Five Below -- High Five for the Discount Retailer

NEW YORK (TheStreet) -- Shares of Five Below (FIVE) are down about 17% year to date after poor weather impacted February's results. Last quarter, management gave guidance that implied a slow start to the year. Specifically, the company told investors to expect same-store sales of about 3% for the year. Since retail sales are heavily weighted towards the back half of the year, that implies first-quarter same-store sales will probably be less than 1%.

Five Below is spending heavily on infrastructure and back-end systems to support a larger store base. The company is also in the process of building an e-commerce Web site. Some of that investment has put pressure on earnings, which has kept the stock down.

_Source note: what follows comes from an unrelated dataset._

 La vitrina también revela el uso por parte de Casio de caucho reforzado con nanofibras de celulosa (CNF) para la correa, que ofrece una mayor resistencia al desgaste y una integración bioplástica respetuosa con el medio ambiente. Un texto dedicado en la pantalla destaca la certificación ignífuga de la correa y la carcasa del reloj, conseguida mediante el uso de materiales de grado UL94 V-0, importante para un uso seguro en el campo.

The company's new distribution facility in New Jersey just opened June 1. The slowdown in spending will alleviate the earnings pressure the company has experienced.

Overall, I think the situation will resolve itself this quarter or next. Five Below plans to add an additional 85 stores this year at minimum, which works out to 25% unit growth. It's really hard to find a retailer with that kind of unit growth.

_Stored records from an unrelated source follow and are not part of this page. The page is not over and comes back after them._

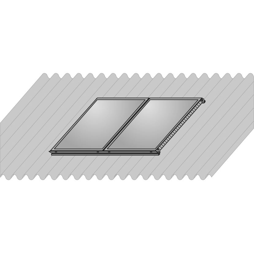 na strechu pokrytú vlnitou/plechovou krytinou, obsahuje: – 2 montážne lišty AluPlus dĺžky 2 m – 6 závrtných skrutiek
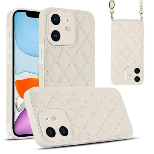Estuche para Teléfono iPhone 11 con Textura Rómbica y Cordón Doble (Blanco)
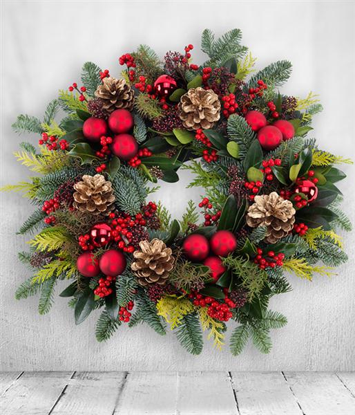 The perfect welcome home this Christmas. This luxury extra large, ruby red, festive wreath is created with scented seasonal foliages and Handmade by our expert florists.
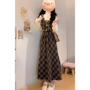 小香学院风格子背带连衣裙子女秋冬季2025新款小个子穿搭套装长裙
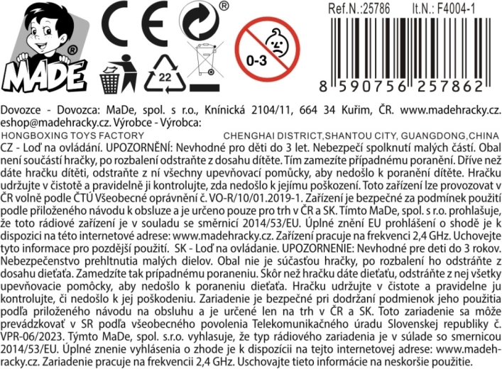Model dolazi s baterijom 3,7 V (AA tip pakiranja) i spreman je za zabavu gotovo odmah nakon raspakiravanja. Zahvaljujući ergonomskom upravljaču s dvama joystickovima, plovidba je intuitivna i precizna, što će cijeniti i početnici i iskusni vozači.
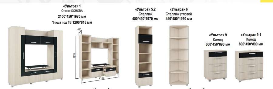 Модульная система «Ультра» - это оптимальный вариант для хранения множества вещей: от мелочей до предметов гардероба. Хотите приобрести такую мебель? Тогда остановите свой взгляд на модели «Ультра». Современный дизайн, оригинальная фурнитура, интересное цветовое-фактурное решение модульной системы создадут уютный и неповторимый интерьер в Вашей гостиной.

When those new stores open, the company will be able to gain economies of scale from its investments in distribution and back-end technology. Operating margins should begin to expand. Higher operating margins could drive a 25% increase in earnings per share. Recall that Five Below has reported 35 consecutive quarters of positive same-store sales. With a larger store base, earnings should begin to reaccelerate.

Five Below can open as many as 2,000 stores in North America, I believe. Right now the company operates just 360 stores in 21 states.

After the closing bell Wednesday, Wall Street expects the company to report first-quarter revenue of $151 million, up 20%, and earnings per share of 7 cents. For the year, sales are expected to grow 20% to $822 million. By next year, I fully expect the company to exceed $1 billion in revenue.

This quarter should prove to be the catalyst the stock needs to move much higher.

This article is commentary by an independent contributor. At the time of publication, the author held no position in the stocks mentioned.